[Saved data entries]
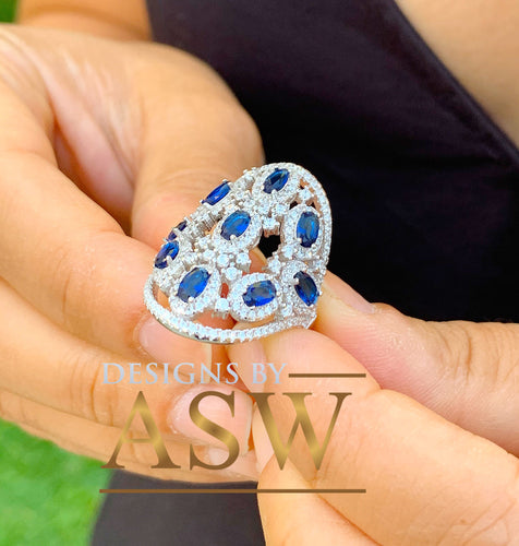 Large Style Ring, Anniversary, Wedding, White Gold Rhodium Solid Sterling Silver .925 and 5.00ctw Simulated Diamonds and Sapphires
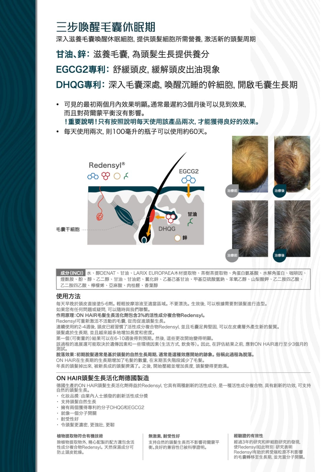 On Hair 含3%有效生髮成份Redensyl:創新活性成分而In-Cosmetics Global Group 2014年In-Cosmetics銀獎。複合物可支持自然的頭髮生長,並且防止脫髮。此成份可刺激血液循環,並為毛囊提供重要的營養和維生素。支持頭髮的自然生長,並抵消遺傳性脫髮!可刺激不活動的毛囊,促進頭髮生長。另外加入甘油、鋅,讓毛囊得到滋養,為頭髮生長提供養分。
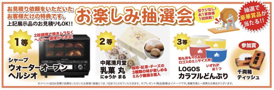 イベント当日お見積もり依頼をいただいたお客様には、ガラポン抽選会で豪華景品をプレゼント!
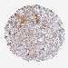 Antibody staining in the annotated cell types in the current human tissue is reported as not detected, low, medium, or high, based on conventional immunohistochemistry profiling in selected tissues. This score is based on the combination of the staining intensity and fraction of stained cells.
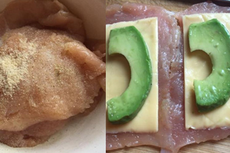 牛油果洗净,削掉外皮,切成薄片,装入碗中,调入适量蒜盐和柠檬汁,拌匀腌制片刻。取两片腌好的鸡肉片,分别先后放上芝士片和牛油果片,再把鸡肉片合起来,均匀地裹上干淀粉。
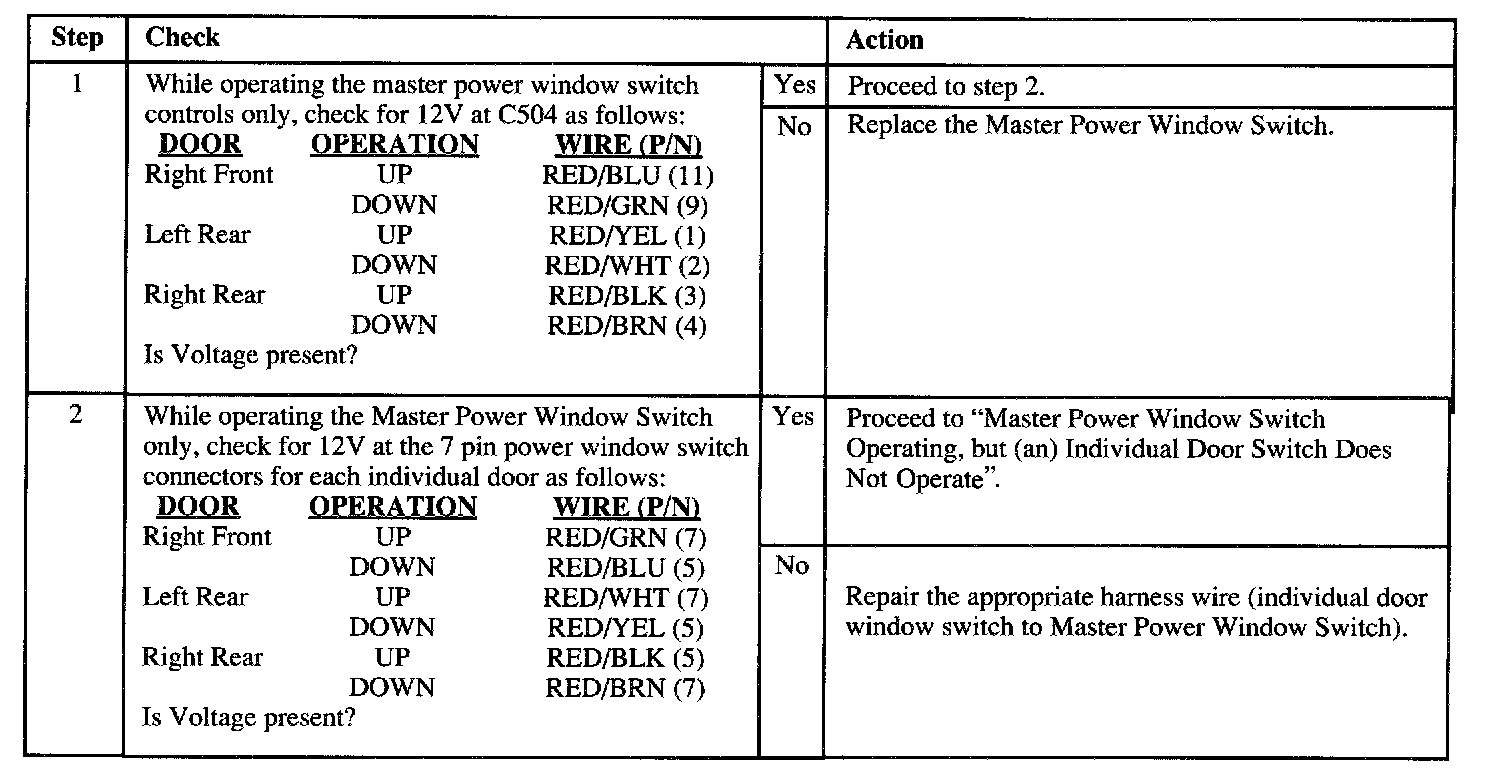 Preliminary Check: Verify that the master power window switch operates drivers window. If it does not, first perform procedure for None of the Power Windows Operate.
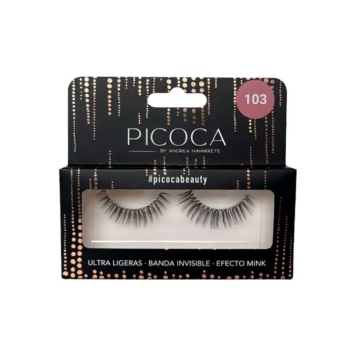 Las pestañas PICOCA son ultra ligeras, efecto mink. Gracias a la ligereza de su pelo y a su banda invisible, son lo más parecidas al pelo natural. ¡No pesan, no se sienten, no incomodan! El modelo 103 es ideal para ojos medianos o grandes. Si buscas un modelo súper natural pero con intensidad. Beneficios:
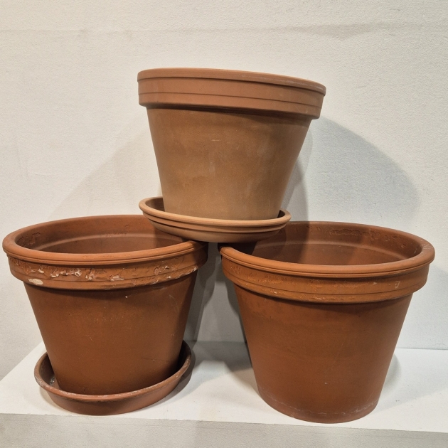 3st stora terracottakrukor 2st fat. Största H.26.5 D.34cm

Exercise instructions: Leaving every picture behind, retype the entries above exactly, from the first line through the line with "イベント当日お見積もり依頼を", and stop there.

Task answer:
 Large Style Ring, Anniversary, Wedding, White Gold Rhodium Solid Sterling Silver .925 and 5.00ctw Simulated Diamonds and Sapphires
 On Hair 含3%有效生髮成份Redensyl:創新活性成分而In-Cosmetics Global Group 2014年In-Cosmetics銀獎。複合物可支持自然的頭髮生長,並且防止脫髮。此成份可刺激血液循環,並為毛囊提供重要的營養和維生素。支持頭髮的自然生長,並抵消遺傳性脫髮!可刺激不活動的毛囊,促進頭髮生長。另外加入甘油、鋅,讓毛囊得到滋養,為頭髮生長提供養分。
 イベント当日お見積もり依頼をいただいたお客様には、ガラポン抽選会で豪華景品をプレゼント!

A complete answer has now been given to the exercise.